Task goal: Return exactly the lines from the one containing "Конёк-Горбунок и другие" through the end of the material below, and leave the images out.

Dataset content:
● ● ●
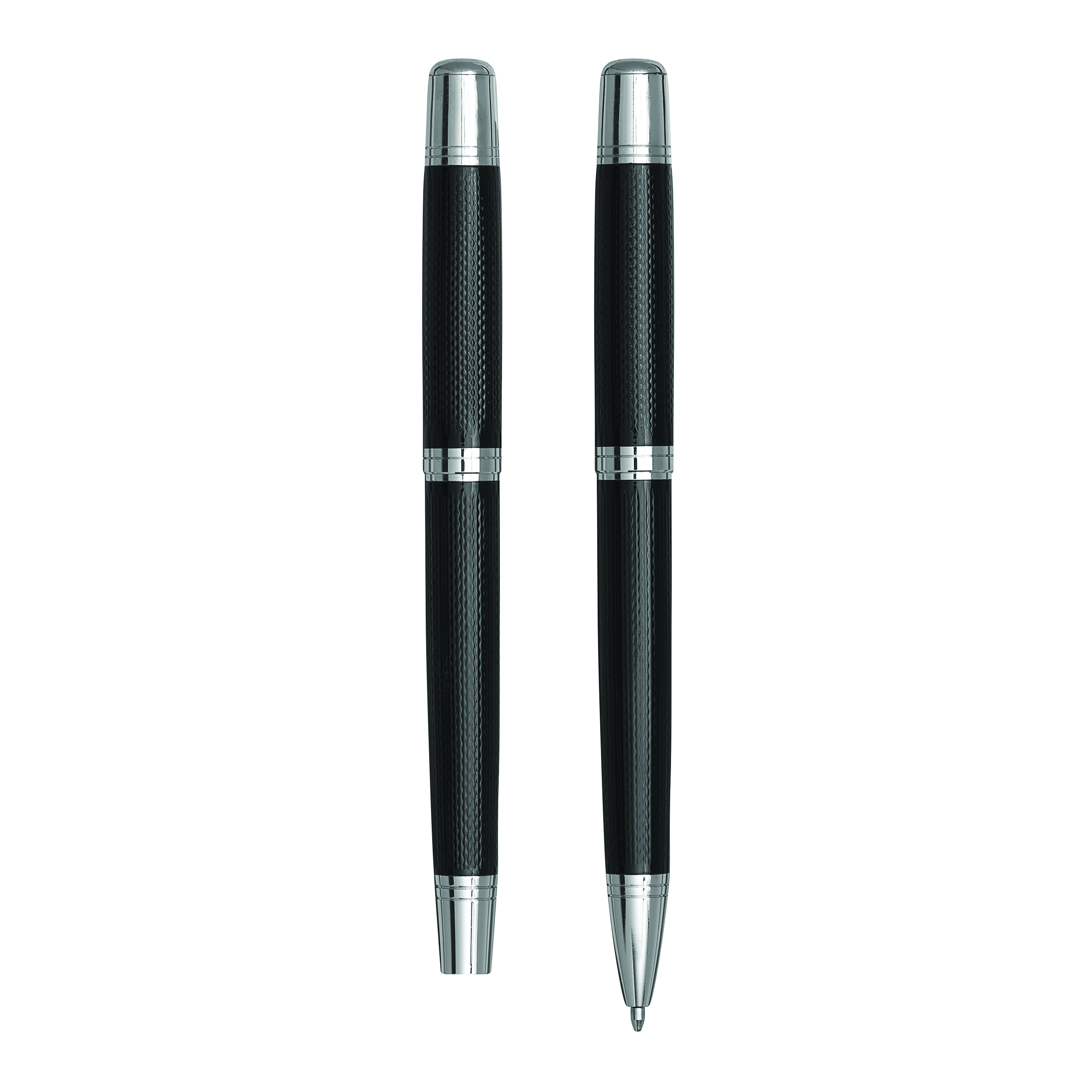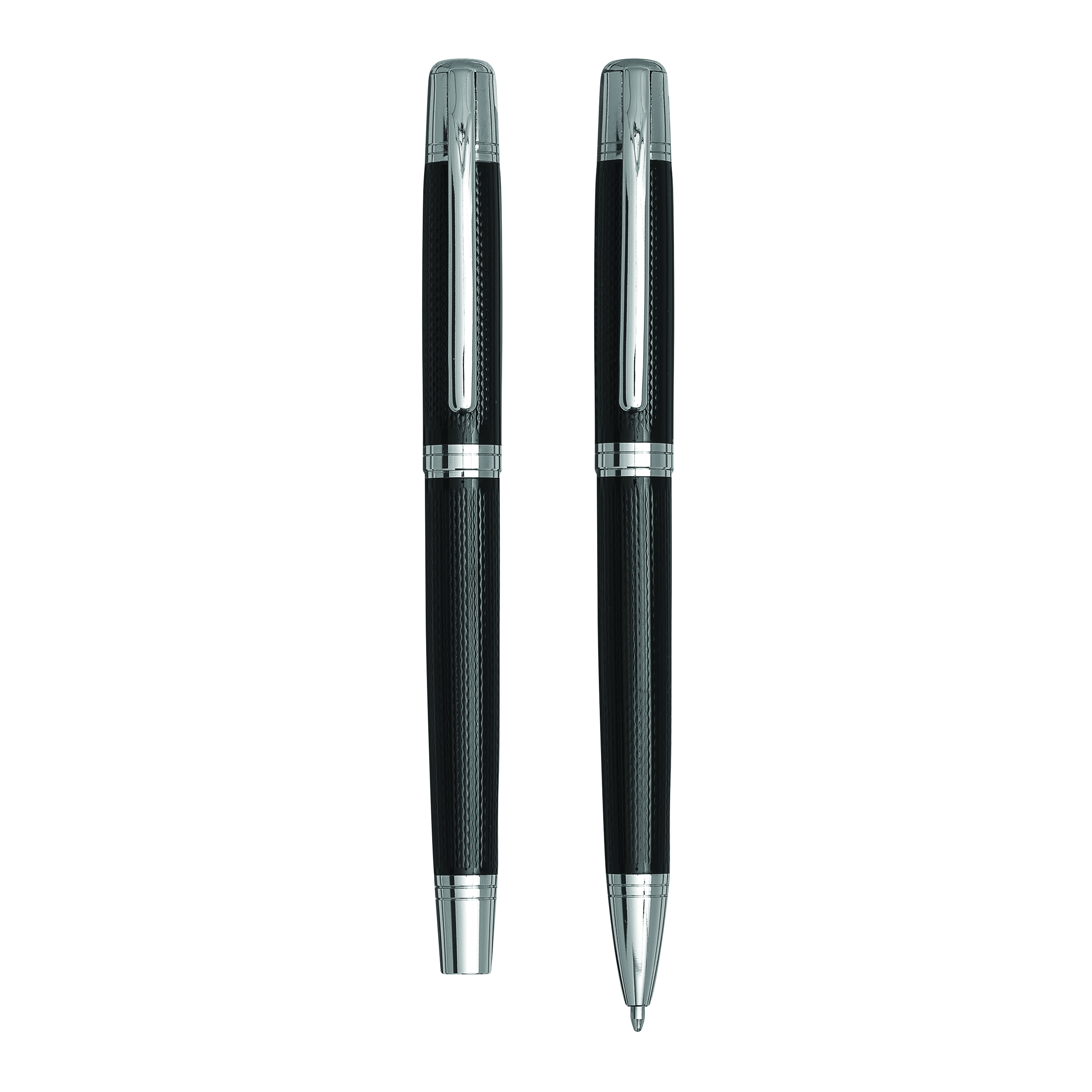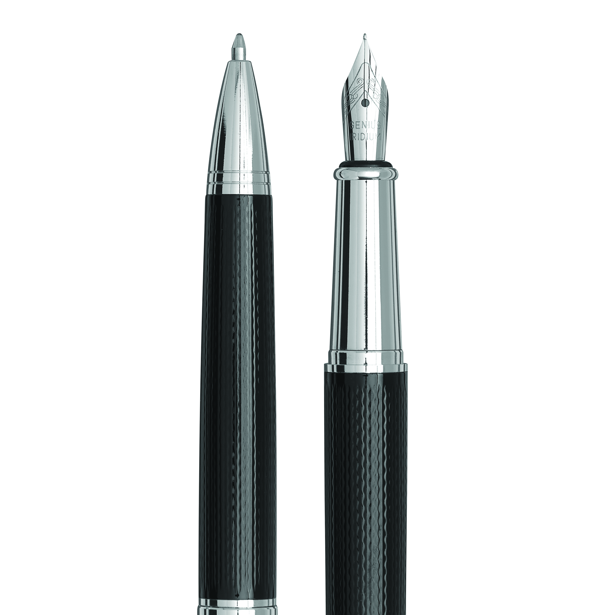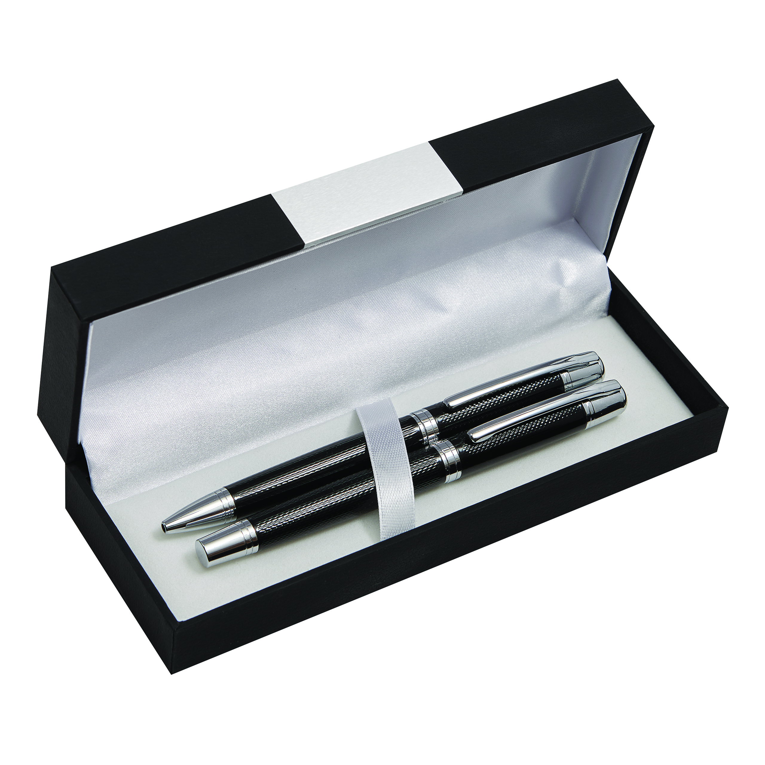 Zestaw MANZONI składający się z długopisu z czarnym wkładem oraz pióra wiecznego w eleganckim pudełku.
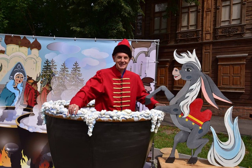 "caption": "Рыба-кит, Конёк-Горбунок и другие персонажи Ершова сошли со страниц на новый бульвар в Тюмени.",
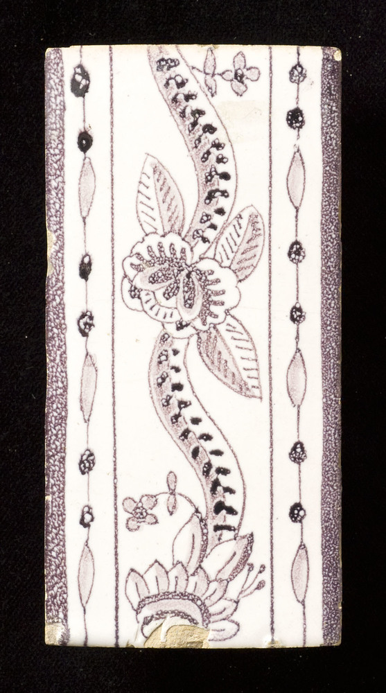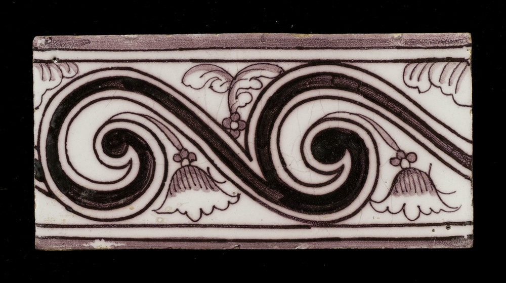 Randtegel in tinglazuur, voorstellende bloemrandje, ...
● ● ●
Exercise answer:
 "caption": "Рыба-кит, Конёк-Горбунок и другие персонажи Ершова сошли со страниц на новый бульвар в Тюмени.",
 Randtegel in tinglazuur, voorstellende bloemrandje, ...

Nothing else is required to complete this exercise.